> Dataset content
BEGIN

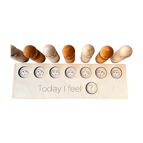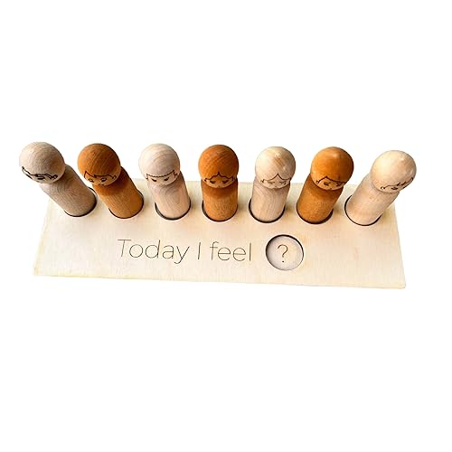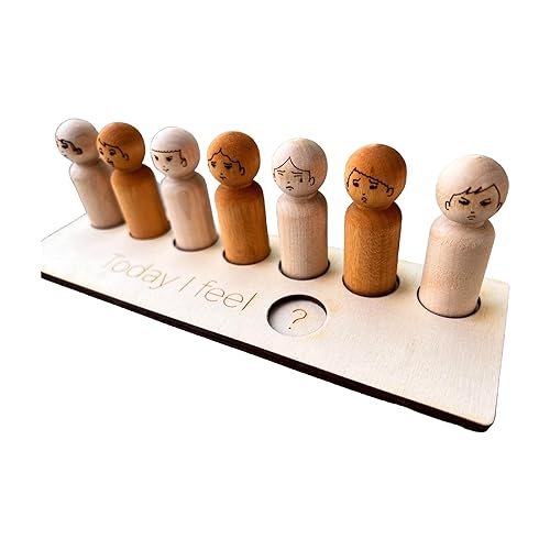 Set of 7 wooden peg dolls with different emotions. Help kiddos identify and express their feelings with this cute emotion face matching game. This is perfect for Montessori or Waldorf Classrooms or homes. Super cute unique one of a kind.
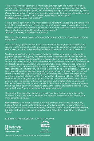 The book engages directly with leaders in the arts and cultural sector, bridging the gap between academia, policy and practice. Each chapter sheds new light on national cultural policy contexts, offering different perspectives on arts subsidy, audiences, the cultural workforce, heritage, artform development and how cultural leadership functions in a fast-changing local, national and international context. Interviews are conducted by academics and experts with significant knowledge and understanding of the arts management and cultural policy field, who ask critical and probing questions. Featuring interviews with an impressively international range of senior figures from the cultural sector, from the Royal Opera House, BMW, Bloomberg and Onassis Foundation and covering countries including the UK, Germany, Chile, Singapore, Greece, USA, Serbia and Ireland, the book gives a truly global overview of cultural leadership from leaders who are open to question, critique and challenge. Each chapter offers a unique and fascinating insight into the mind of a leader in their field, with their experience ranging from huge participatory events featuring tens of thousands of people to the visual arts, opera, the Turner Prize and the #blacklivesmatter movement.
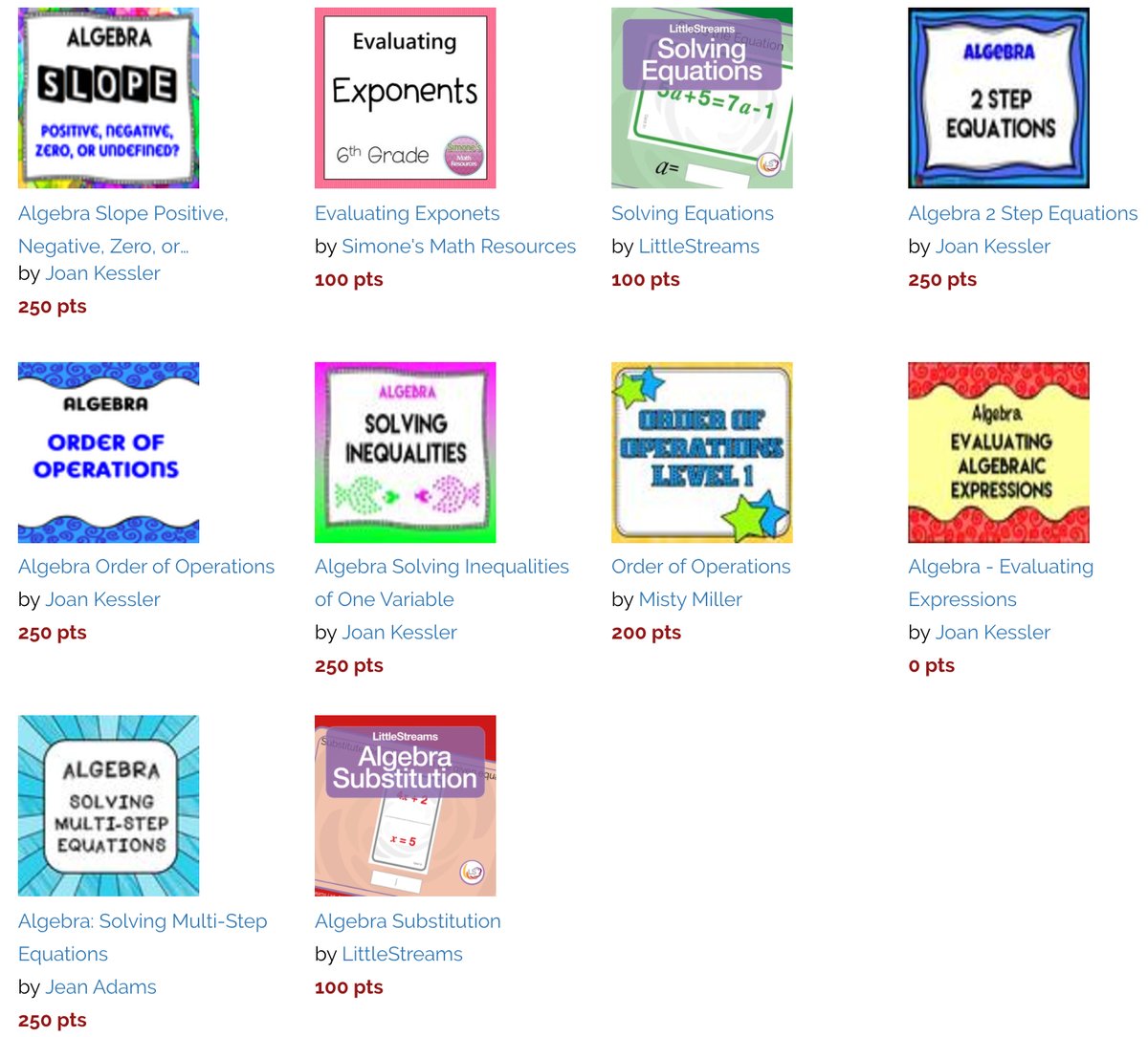 Middle schoolers must develop increasingly sophisticated skills in working with expressions and exponents. We have several items from Joan Kessler, LittleStreams, Simone’s Math Resources, Jean Adams, and Misty Miller to evaluate how well your students are working with Expressions and Exponents or to assign extra practice.
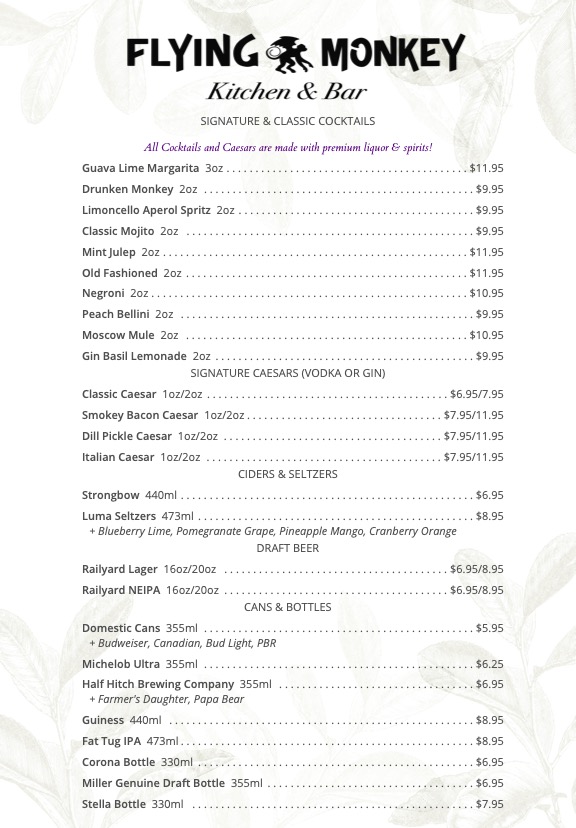 Flying Monkey Airport Cafe Menu (2025 Update)

END

> Problem to work on
The reply should consist only of the lines running from the one with "Middle schoolers must" through the end of the material, both included, copied exactly; please omit pictures.

> Answer below
 Middle schoolers must develop increasingly sophisticated skills in working with expressions and exponents. We have several items from Joan Kessler, LittleStreams, Simone’s Math Resources, Jean Adams, and Misty Miller to evaluate how well your students are working with Expressions and Exponents or to assign extra practice.
 Flying Monkey Airport Cafe Menu (2025 Update)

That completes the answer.